Wolf v. Colorado
338 U.S. 25
Case Year: 1949
Case Ruling: 6-3, Affirmed
Opinion Justice: Frankfurter
Court Opinion Joiner(s):
Black, Burton, Jackson, Reed, Vinson
1st Concurring Opinion
1st Dissenting Opinion
2nd Concurring Opinion
2nd Dissenting Opinion
3rd Concurring Opinion
3rd Dissenting Opinion
Other Concurring Opinions:
Dr. Julius Wolf, a Colorado physician specializing in obstetrics, was convicted in two separate trials of conspiracy to commit abortions. Wolf's legal problems began when the Denver District Attorney's Office learned of a woman suffering complications from an illegal abortion. She identified Dr. Wolf, among others, as having participated in her procedure. When law enforcement officials arrested Dr. Wolf, they searched his office and seized his 1943 and 1944 appointment books. The officers did not have a warrant to search, seize, or arrest. The appointment books contained the names of Wolf's patients and the dates they had received examinations and treatments. Police used these books to identify women who had gone to him for care. Interviews with these women resulted in sufficient evidence to make a case against Wolf. At Wolf's trials evidence from the appointment books and testimony from former patients were introduced. Wolf's attorney unsuccessfully objected to the use of this evidence on the grounds that it was based on an unconstitutional search and seizure, conducted without a warrant, permission, or a court order. The Colorado Supreme Court affirmed Wolf's convictions.
MR. JUSTICE FRANKFURTER DELIVERED THE OPINION OF THE COURT.
The precise question for consideration is this: Does a conviction by a State court for a State offense deny the 'due process of law' required by the Fourteenth Amendment, solely because evidence that was admitted ... at the trial was obtained under circumstances which would have rendered it admissible in a prosecution for violation of a federal law in a court of the United States because there deemed to be an infraction of the Fourth Amendment as applied in Weeks v. United States?...
The security of one's privacy against arbitrary intrusion by the police--which is at the core of the Fourth Amendment-is basic to a free society. It is therefore implicit in 'the concept of ordered liberty' and as such enforceable against the States through the Due Process Clause. The knock at the door, whether by day or by night, as a prelude to a search, without authority of law but solely on the authority of the police, did not need the commentary of recent history to be condemned as inconsistent with the conception of human rights enshrined in the history and the basic constitutional documents of English-speaking peoples.

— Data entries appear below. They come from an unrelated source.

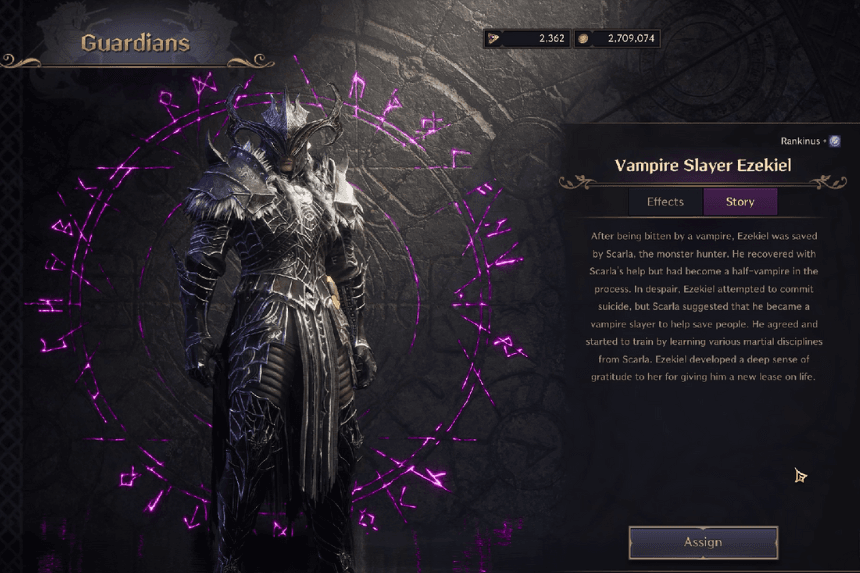 In the Temple of Sylaveth, you’ll explore the halls and learn about the story of Ezekiel, a vampire slayer. You’ll then fight a vampire named Leonardas. If you win, you’ll become Vampire Slayer Ezekiel, your first Guardian.
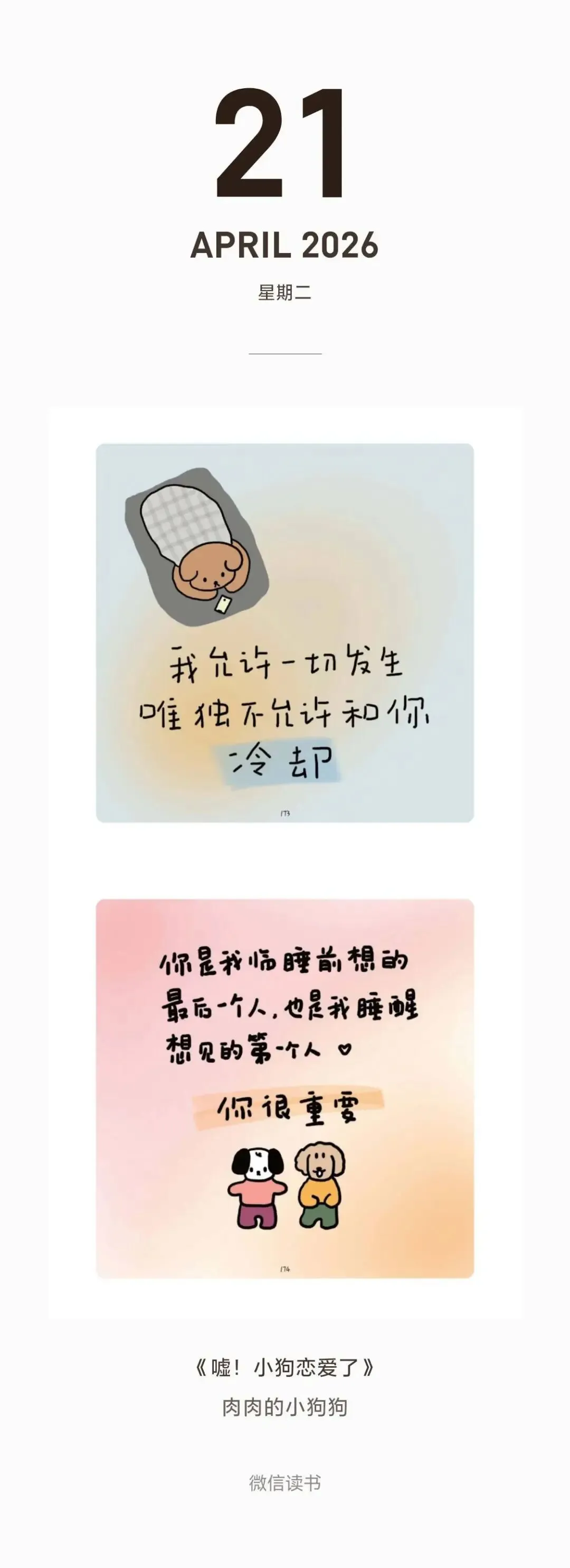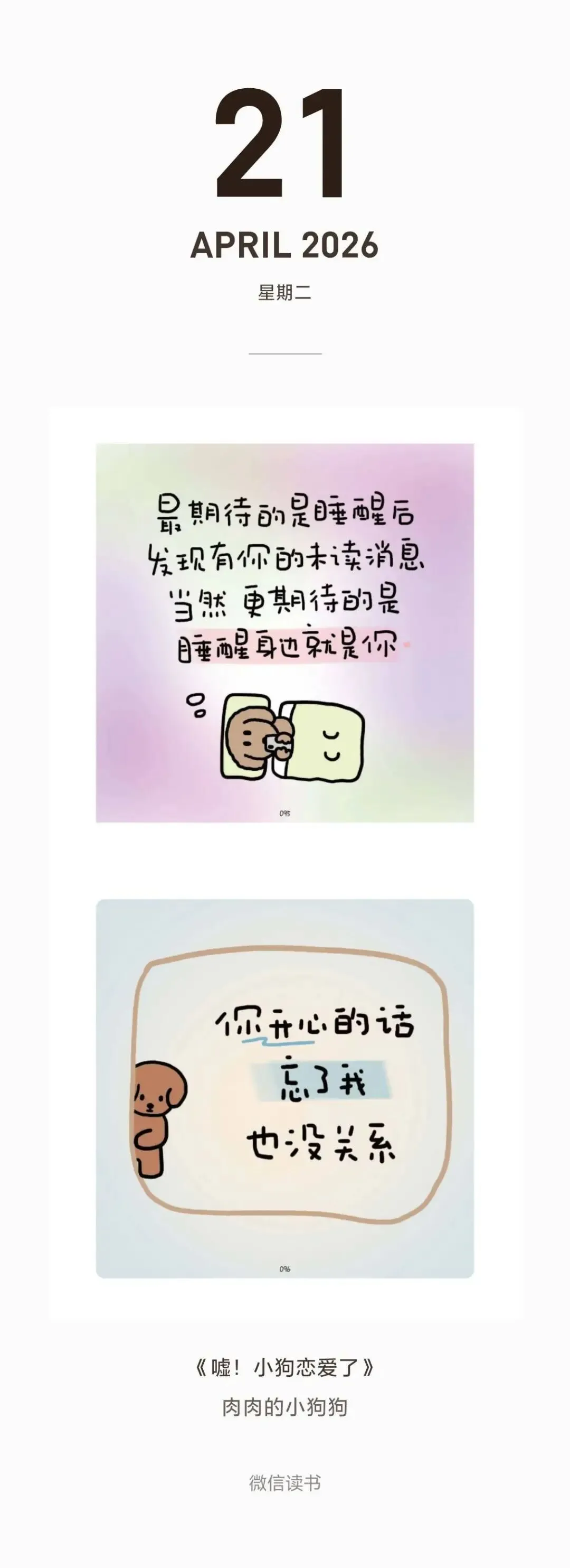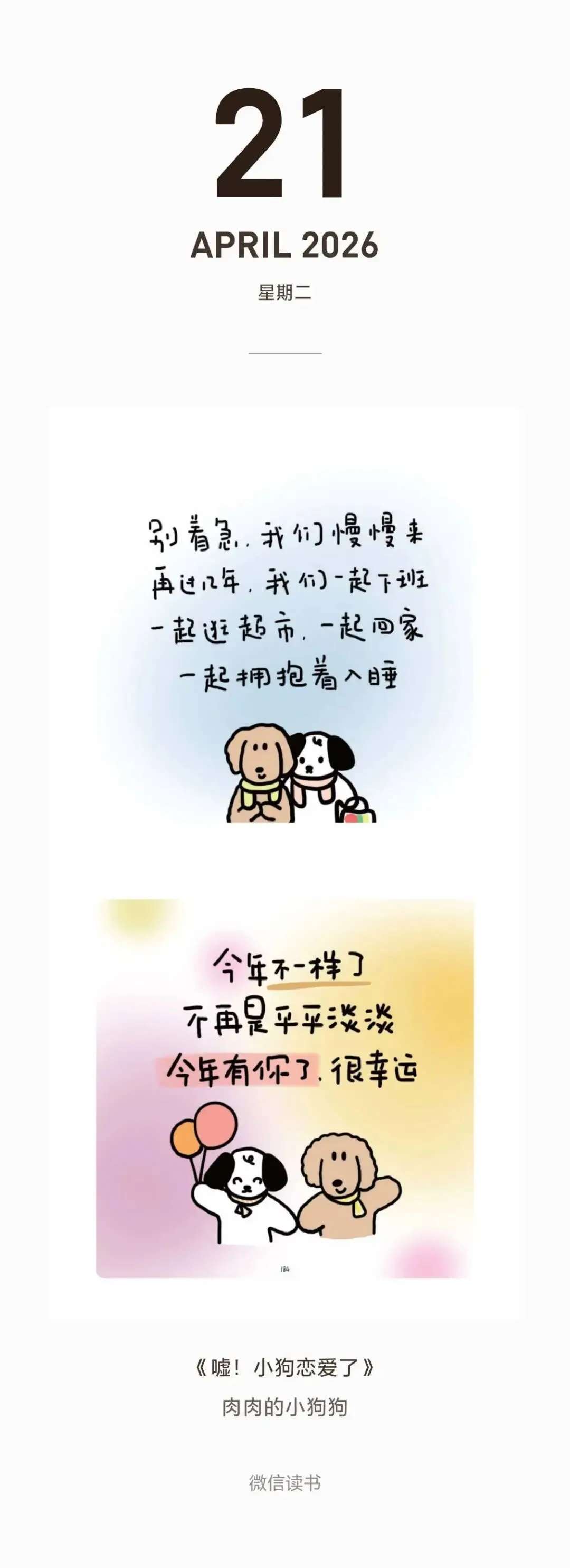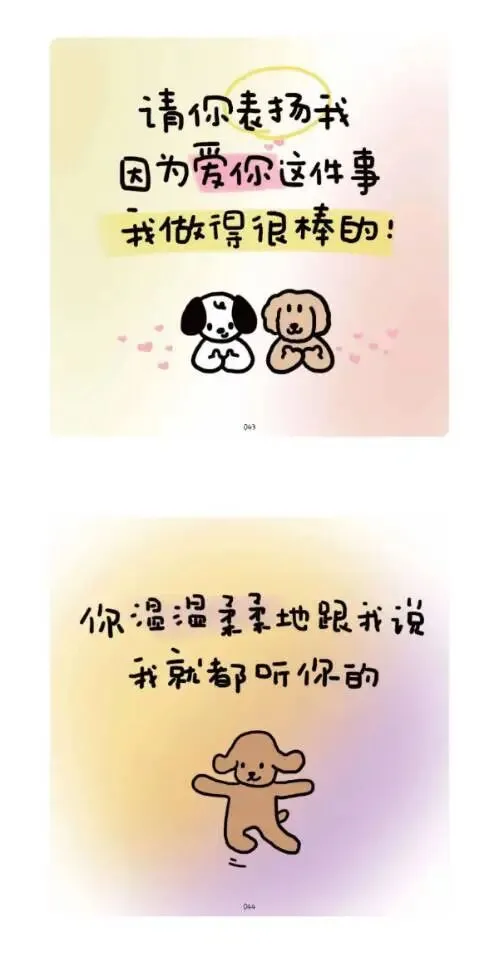 这本书讲的很有趣,作者也是一名社畜然后用小狗写自己有趣的语言和想法,很像平常很多我们想说又不好意思开口说的话,很像两个情侣之间的小心思的表达,很像爱人之间开不了口的感受,推荐大家去看一下,很治愈,有条件的粉丝姥爷们可以在我的小店买本纸质的看看更有质感。
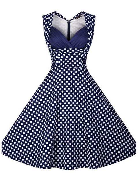 | Retro Style Sweetheart Neck Sleeveless Spliced Polka Dot Dress L36073-2 |
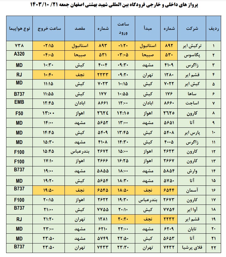 به گزارش نبض وطن، اطلاعات پروازهای داخلی و خارجی فرودگاه بینالمللی شهید بهشتی اصفهان امروز _جمعه بیست و یکم دی ماه_ به شرح زیر است:

Accordingly, we have no hesitation in saying that were a State affirmatively to sanction such police incursion into privacy it would run counter to the guaranty of the Fourteenth Amendment. But the ways of enforcing such a basic right raise questions of a different order. How such arbitrary conduct should be checked, what remedies against it should be afforded, the means by which the right should be made effective, are all questions that are not to be so dogmatically answered as to preclude the varying solutions which spring from an allowable range of judgment on issues not susceptible of quantitative solution.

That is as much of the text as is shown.